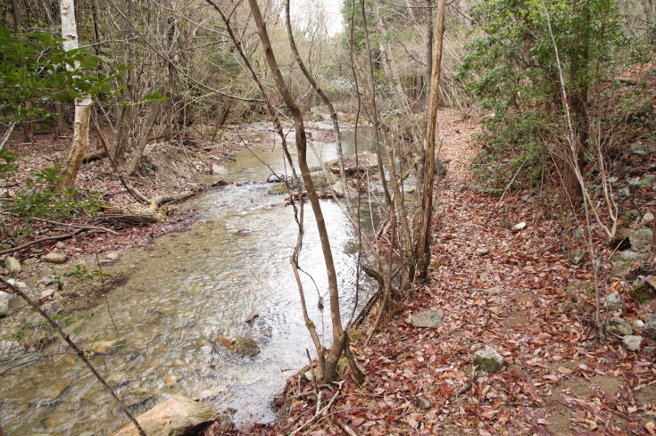 八塔寺ふるさと村にひとたび足を踏み入れると茅葺屋根の民家が点在し、 これぞ日本の原風景といった風情が漂っている。 そんなわけで今回は八塔寺ふるさと村を基点に八塔寺山(539m)を歩いてみたい。 とはいえ登山口から山頂までわずか20分〜30分の距離なのでガイドブックを参考にして 八塔寺山の北側に下って滝宮川の源流沿いを途中テープを追いながら天石門別神社(あまのいわとわけじんじゃ)まで歩き、 中国遊歩道を経由してふるさと村に戻る予定だ。 その距離約19km。 |
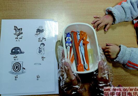 2月28日,对于低龄和极重度听障儿童,老师要进行“一对一”语言训练课程,这是上课所用的字词表和压舌板等教具。 |
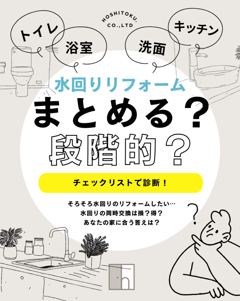 予算を見ながら1か所ずつ進めるべきか、思い切って水回り4点をまとめて工事するべきか。
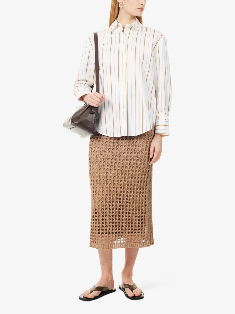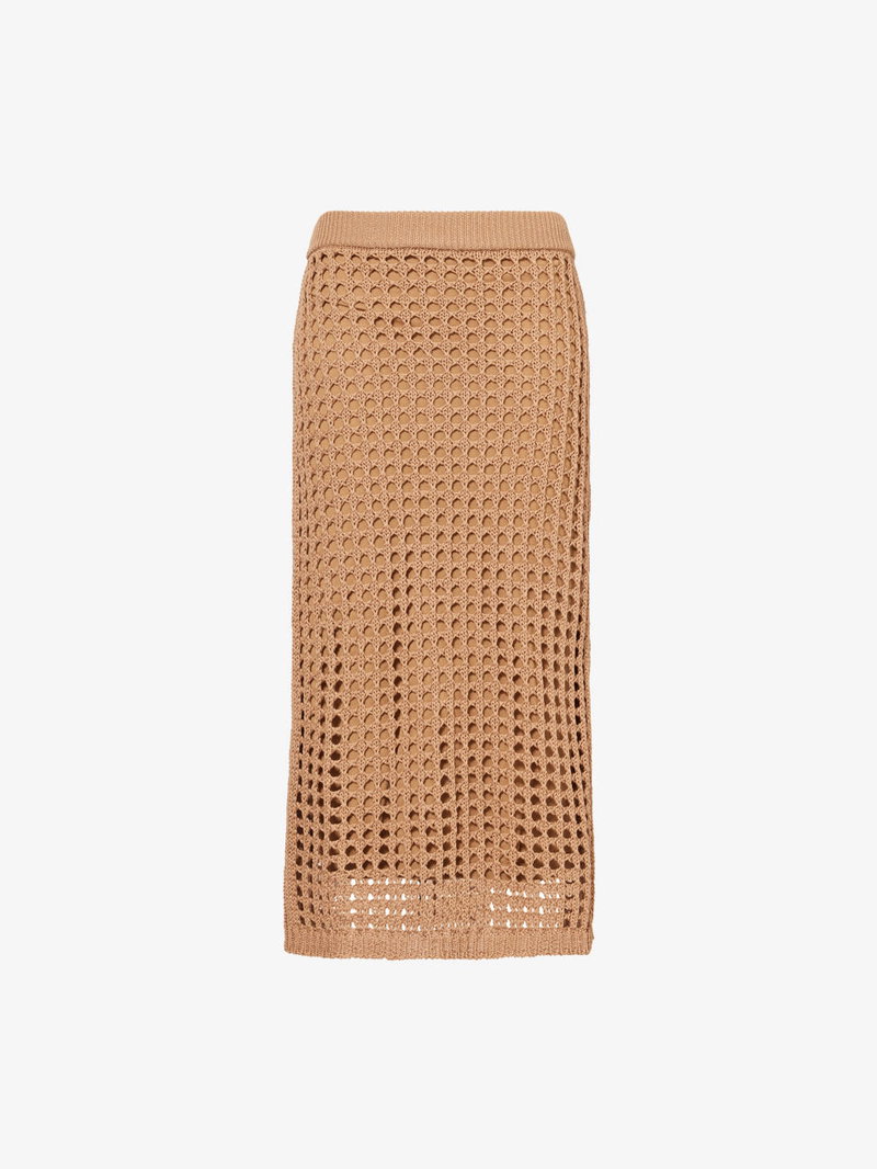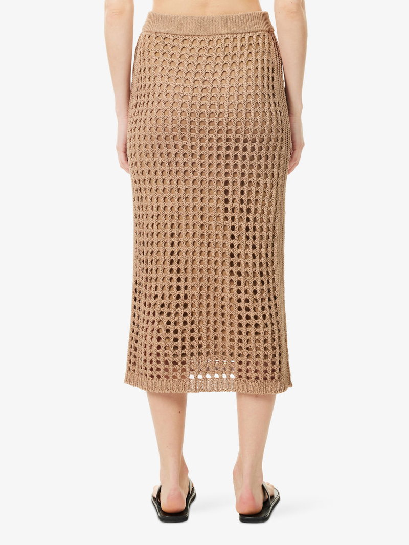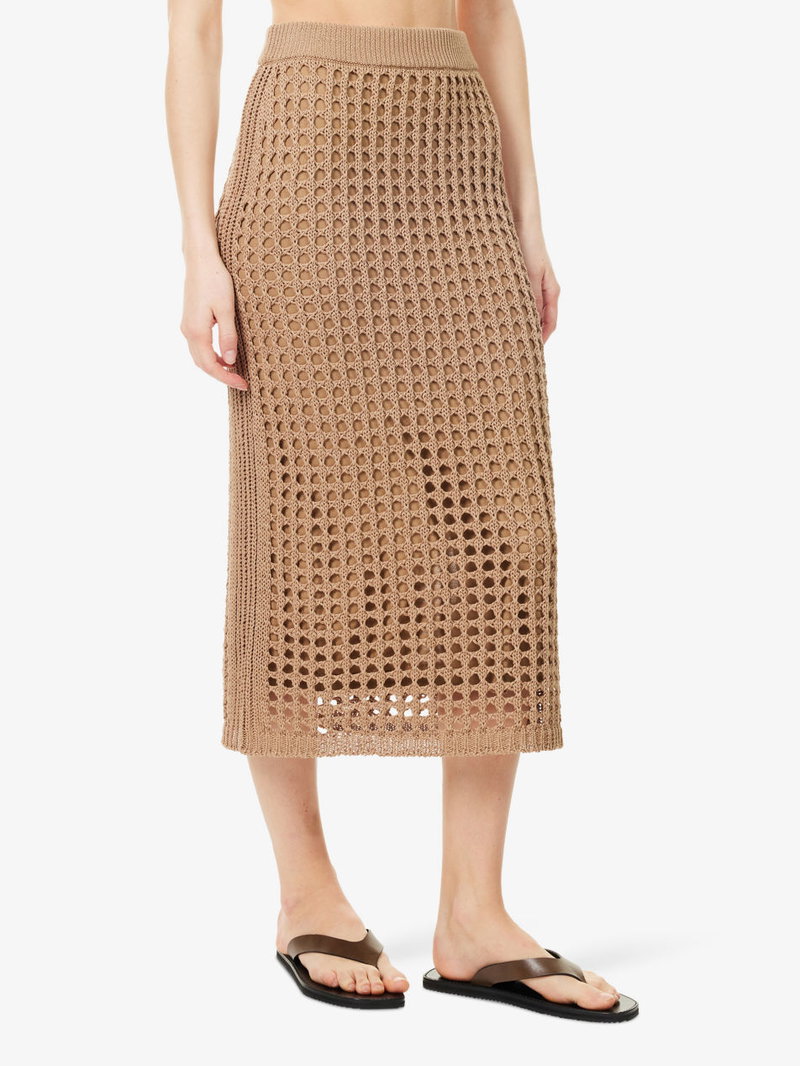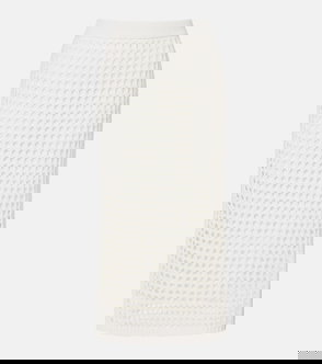 Max Mara cotton midi skirt. Pulls on. Fitted, ribbed waistband, open knit design, lined.

----

Without including any picture, repeat the data exactly.

 八塔寺ふるさと村にひとたび足を踏み入れると茅葺屋根の民家が点在し、 これぞ日本の原風景といった風情が漂っている。 そんなわけで今回は八塔寺ふるさと村を基点に八塔寺山(539m)を歩いてみたい。 とはいえ登山口から山頂までわずか20分〜30分の距離なのでガイドブックを参考にして 八塔寺山の北側に下って滝宮川の源流沿いを途中テープを追いながら天石門別神社(あまのいわとわけじんじゃ)まで歩き、 中国遊歩道を経由してふるさと村に戻る予定だ。 その距離約19km。 |
 2月28日,对于低龄和极重度听障儿童,老师要进行“一对一”语言训练课程,这是上课所用的字词表和压舌板等教具。 |
 予算を見ながら1か所ずつ進めるべきか、思い切って水回り4点をまとめて工事するべきか。
 Max Mara cotton midi skirt. Pulls on. Fitted, ribbed waistband, open knit design, lined.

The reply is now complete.